WORK ORDER
Write out exactly, and only, the lines below from the line with "宇树科技联手京东放大招!人形" through the line with "Fügen Sie im"; pictures do not belong in the copy.

Saved data entries

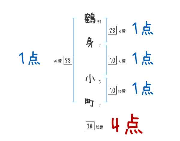 鶴身小町さんの画数の鑑定結果
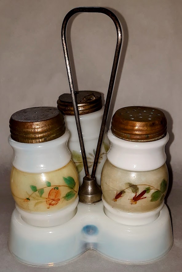 OMN: Opal Caster AKA: Scroll, Triple Bulge | Fostoria Glass Company | ring neck ovals Round scroll | HP diferent flower in each bulge; HP scrolls | Opalware (white) |
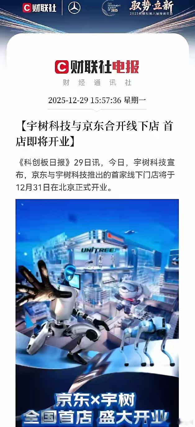 宇树科技联手京东放大招!人形机器人又迎来了大利好消息!不出意外的话,明日人形机器人板块有望继续大爆发,持仓机器人的股民们要乐开花了下午3点57分,《科创日报》最新消息,今日,宇树科技宣布,京东与宇树科技推出了首家线下门店将于12月31日在北京正式开业,这个消息是重大利好,对于机器人板块是火上浇油了,宇树科技与京东合作开设首家线下门店,其意义远超单纯的开一家店,而是人形机器人产业迈向商业化、大众化的关键一步,宇树科技机器人在京东强大的线下引流下,人形机器人将会获取最大化的曝光和消费者体验流量,这将会极大地提升人形机器人的品牌形象和公众认知,宇树科技有望从科技公司正式向消费级科技品牌公司转型,这将为未来家庭配备人形机器人打好基础,这对于宇树科技来说是重大利好!对于整个人形机器人产业都是重大利好!
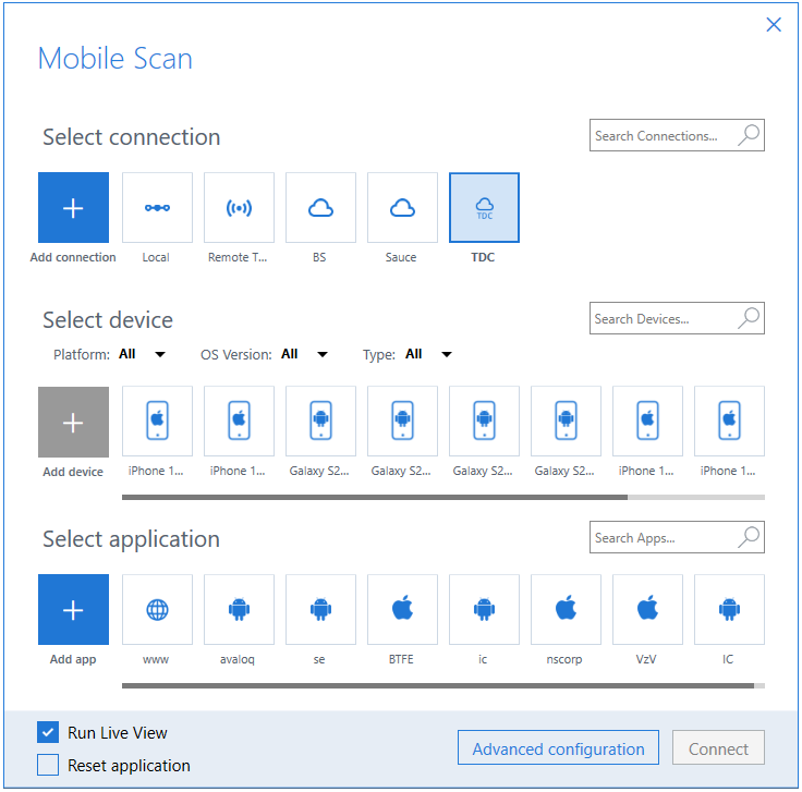 Fügen Sie im Abschnitt Select connection eine neue Verbindung hinzu oder wählen Sie die Verbindung aus, die Sie verwenden möchten, z. B. Local (TMA), Remote (TMA), Cloud (Appium) oder TDC.
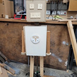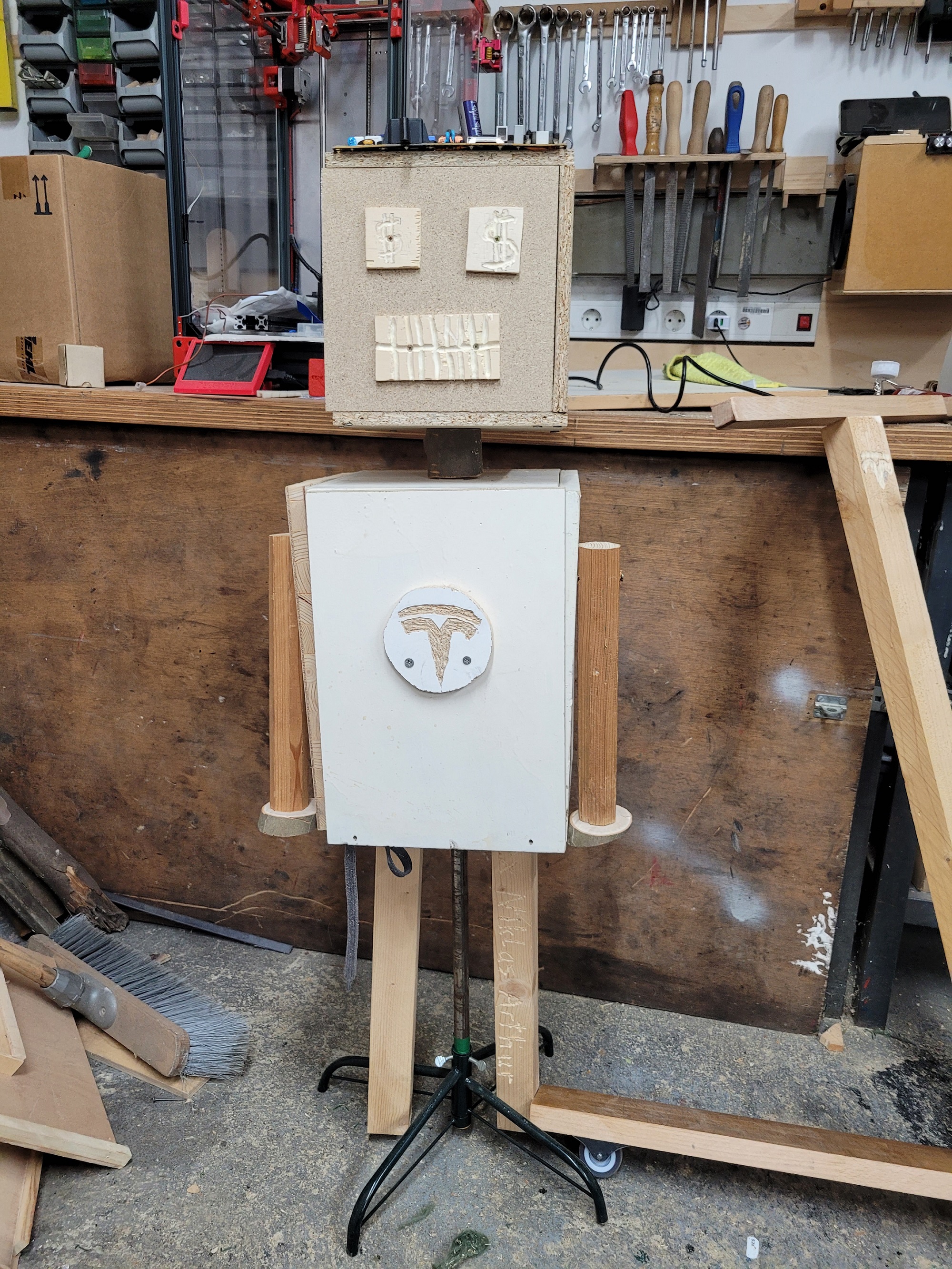 Meine Gruppe und ich haben einen Roboter gebaut. Der Roboter bestand aus zwei Beinen, die aus Holz waren, darüber war der Oberkörper, der aus sechs Holzplatten bestand. An dem Oberkörper waren noch zwei Arme aus Holz befestigt und als Kopf haben wir wieder sechs gleich große Holzplatten benutzt und darauf das Gesicht gefräst. Dann haben wir noch ein paar Details hinzugefügt, wie Haare, die aus einer Platine bestehen und ein kleines Tesla-Logo auf die Mitte des Bauches.
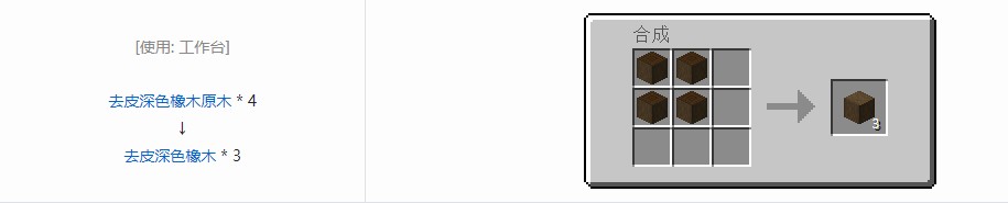 我的世界去皮深色橡木获得方法:通过制作获得,4个去皮深色橡木原木可以获得3个去皮深色橡木,可使用4个对应去皮原木合成获得,每次合成时获得3个,可用于在合成中替代原木,也可用于当做燃料使用。

EXERCISE SOLUTION
 宇树科技联手京东放大招!人形机器人又迎来了大利好消息!不出意外的话,明日人形机器人板块有望继续大爆发,持仓机器人的股民们要乐开花了下午3点57分,《科创日报》最新消息,今日,宇树科技宣布,京东与宇树科技推出了首家线下门店将于12月31日在北京正式开业,这个消息是重大利好,对于机器人板块是火上浇油了,宇树科技与京东合作开设首家线下门店,其意义远超单纯的开一家店,而是人形机器人产业迈向商业化、大众化的关键一步,宇树科技机器人在京东强大的线下引流下,人形机器人将会获取最大化的曝光和消费者体验流量,这将会极大地提升人形机器人的品牌形象和公众认知,宇树科技有望从科技公司正式向消费级科技品牌公司转型,这将为未来家庭配备人形机器人打好基础,这对于宇树科技来说是重大利好!对于整个人形机器人产业都是重大利好!
 Fügen Sie im Abschnitt Select connection eine neue Verbindung hinzu oder wählen Sie die Verbindung aus, die Sie verwenden möchten, z. B. Local (TMA), Remote (TMA), Cloud (Appium) oder TDC.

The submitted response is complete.